Henry and Lewis looked at him, and then at me.
“Why not Anny herself?” Henry said, and Lewis grinned slowly and nodded.
“Like a consultant, you mean,” the red-faced doctor said.
“Like that,” Henry said. “Groups could hire her as part of their teams; I think your national organizations would spring for a fee if it wasn’t ridiculous. She could go wherever she was needed most, not just with Lewis and me. She’s a pro at this now, and she doesn’t take up much space or eat much. She’ll sleep anywhere, too.”
I glared at Lewis and he leered showily.
“I couldn’t leave Outreach that much,” I protested, seeing the idea form itself in my head even as I demurred. “And I’d be away from home a lot more than I want to be. I’m at the age when I should be slowing down, not taking on a whole new career and routinely slogging around in jungles or deserts or wherever. It’s a good idea, though.”
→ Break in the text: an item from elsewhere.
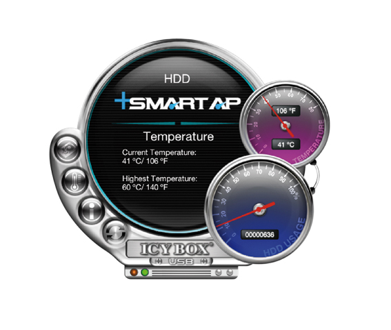 Raidsonic hat sich für sein neues externes Festplattengehäuse Icy Box IB-223StU ein ganz besonderes optisches Gimmick einfallen lassen. Das Festplattengehäuse wird zusammen mit einer Software namens Smart AP ausgeliefert, die wie in einem Auto-Cockpit ein Armaturenbrett mit "Tachometern" anzeigt. Auf diesen lassen sich zu jeder Zeit wichtige Informationen darüber anzeigen, was im verborgenen Innern des Gehäuse so vor sich geht. Auf der Anzeige ist die aktuelle Temperatur und Transferrate, die Festplattenkapazität sowie die Anzahl der Ein-/Ausschaltvorgänge ablesbar. Die Tachometer sind aber nicht nur eine optische Spielerei, die das Ablesen erleichtern soll. Der Anwender kann auch Temperatur- oder Kapazitätsgrenzen definieren. Werden diese erreicht, meldet sich die Software mit einem Alarm.

Lewis leaned back in his dilapidated chair and swigged warm local beer, grimacing.
“Well, how about this?” he said. “How about you fly into one or two cities a month where they have medical volunteer programs
like ours, and maybe a couple of times a year to Washington, and have seminars on setting up these programs? Teach the docs how you do it and how to recruit local talent, show them what and who’s needed and how to locate them wherever the teams go. Maybe teach seminars for the nurses, too; they’re probably the ones who’ll end up setting up the programs. Make up brochures and a slide show or film or something showing what you’ve done in other places. Get some testimonials.”
“I…how can I leave the office that long?” I said. “And who would hire me? I’d have to make at least enough money to cover expenses. I could donate my time, but airfare and hotels—”
“A,” Lewis said, “Outreach can run itself by now. You know that. That Marcy of yours could head it and you could keep a little office space there if you liked, help out when things were slow for you. B, who’d hire you? Anybody sponsoring these groups, in a New York minute.”
“But how would they know about me?”
“Are you kidding? This bunch tells their sponsors. They tell others. And so on. You’ll be launched in a month.”
“Right, by God,” said the tropical specialist, swatting on his neck something large and evil that was not a mosquito, but no longer noticing. “I’m calling my bunch before we leave here.”
I thought perhaps his promise would be washed away with the piss of the next morning’s hangover, but it was not. I had an invitation in Pittsburgh and one in Houston before we left the jungle.
It’s what I have done ever since. I keep a cubicle at the office in Charleston, and pay Outreach a modest rent, and I help out every now and then when they’re abysmally overloaded. But mainly I spend a couple of days almost every week in cities around the country, and the rest of the time I’m on the phone with clients, or in meetings when they come to me. I miss working daily with Outreach, but as Henry had predicted, Marcy is a superb director, and with our enlarged staff and Camilla’s bridge pals’s largesse, the office rolls smoothly on largely without me.
Sometimes I hated that. I would think back to the early days, of scrabbling for funds and holding wet, squirming babies and chasing down empty-headed teenage mothers and trying to coax another summer out of my disreputable old car. I would remember the day I met Lewis, in the steaming rain in his parking lot, clutching a wriggling abandoned child, and my heart would squeeze with love and wistfulness for that wild-haired young woman and outrageous red younger man.